XXX TODO: harmonize IPv6 and IPv4 locking and code flow.

Comment 3 commit-hook 2018-10-12 22:52:25 UTC

A commit references this bug:

Author: bz
Date: Fri Oct 12 22:51:45 UTC 2018
New revision: 339339
URL: https://svnweb.freebsd.org/changeset/base/339339

Log:
  In udp_input() when walking the pcblist we can come across
  an inp marked FREED after the epoch(9) changes.
  Check once we hold the lock and skip the inp if it is the case.

  Contrary to IPv6 the locking of the inp is outside the multicast
  section and hence a single check seems to suffice.

  PR:		232192
  Reviewed by:	mmacy, markj
  Approved by:	re (kib)
  Differential Revision:	https://reviews.freebsd.org/D17540

Changes:
  head/sys/netinet/udp_usrreq.c

Comment 4 Andrey V. Elsukov 2021-01-11 11:56:02 UTC

Created attachment 221454 [details]
screenshot from ipmi

Hi Bjoern,

it seems there is still possible NULL pointer dereference panic in the related code.
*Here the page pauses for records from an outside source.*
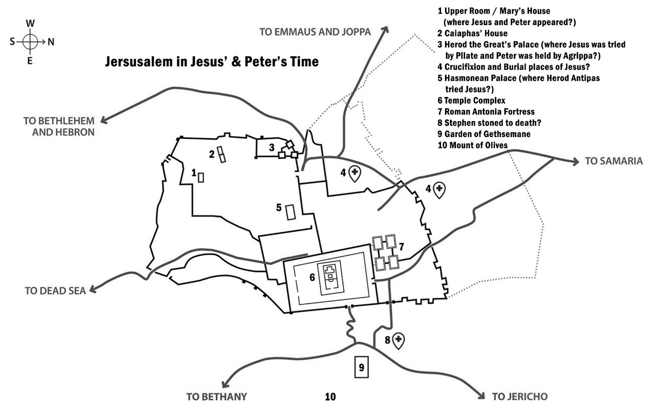 death. And not just His death, but His resurrection – which gave power to the entire movement! Peter was one of many eyewitnesses who had seen Jesus alive again, and walked, talked, even ate with Him. What did it matter if James, or any of them, was executed? Their master, whom they called the true Messiah King, could wake them up from death whenever He chose – as He had awakened the little girl in Capernaum, His friend Lazarus in Bethany, and Himself, walking out of Joseph of Arimathea’s new family tomb right here in Jerusalem!
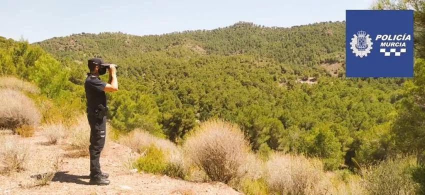 La Policía Local de Murcia, a través de la Patrulla Ecológica, está hoy controlando con dron los accesos al Valle y Carrascoy, cerrados durante el episodio de calor.
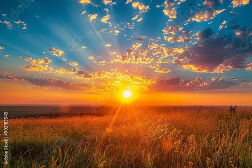 © Mandeep, Fototapeta premium Sunset over a field of tall grass
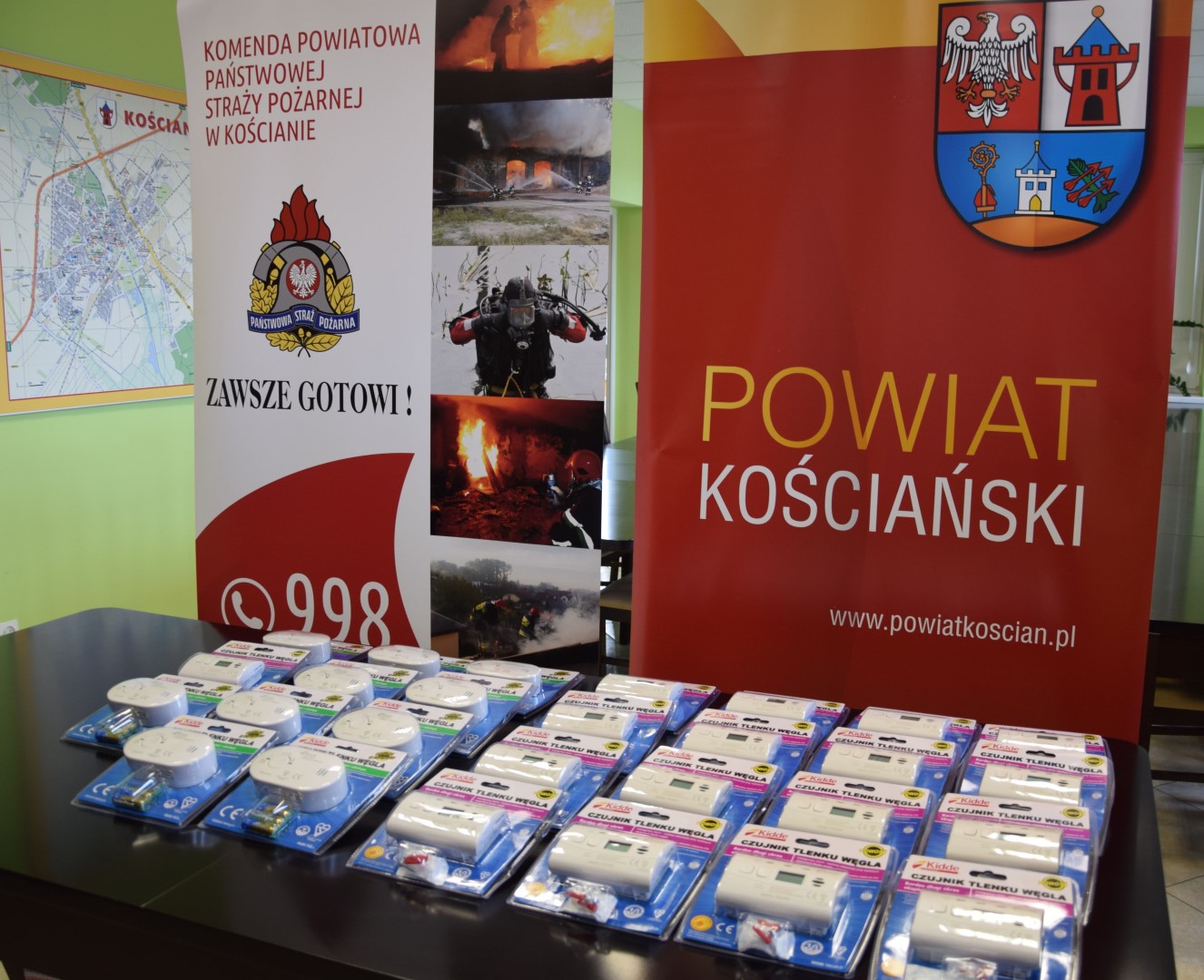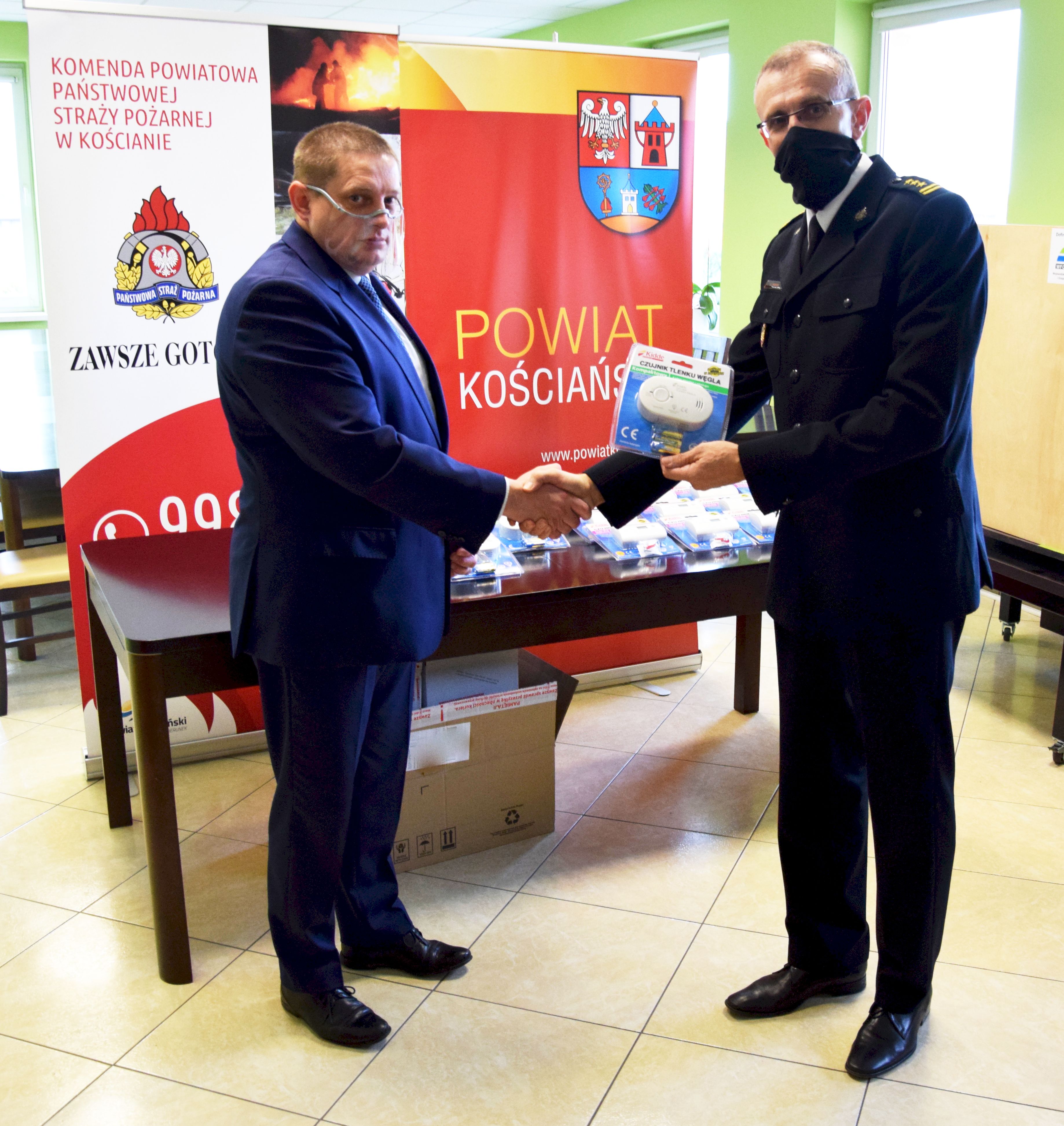Istotnym wsparciem działań profilaktycznych strażaków jest z pewnością krok samorządu powiatu kościańskiego, który już kolejny rok z rzędu zakupił kilkadziesiąt czujek tlenku węgla z przeznaczeniem dla mieszkańców powiatu. Cieszy nas fakt, że władze samorządu powiatowego dostrzegają problem i aktywnie włączają się w walkę z „cichym zabójcą”. 3 listopada V-ce Starosta Kościański Zbigniew Franek przekazał urządzenia na ręce st. bryg. Andrzeja Zieglera Komendanta Powiatowego PSP w Kościanie. Strażacy będą dystrybuować czujki podczas różnego rodzaju akcji.

PCB is currently protected by NET_EPOCH section, and we can safely make access to PCB while holding INP_RLOCK().
But access to inp->inp_socket is not safe without the lock. 
I attached screenshot of panic, unfortunately there is no core dump. From the kgdb I obtined the line number, where the panic occured:

 415                         if ((last->inp_socket->so_options &
 416                              (SO_REUSEPORT|SO_REUSEPORT_LB|SO_REUSEADDR)) == 0)
 417                                 break;

Comment 5 Andrey V. Elsukov 2021-01-12 14:41:33 UTC

Created attachment 221493 [details]
proposed patch (untested)

Probably, this patch should fix the problem. I'll test it for some time, then report back.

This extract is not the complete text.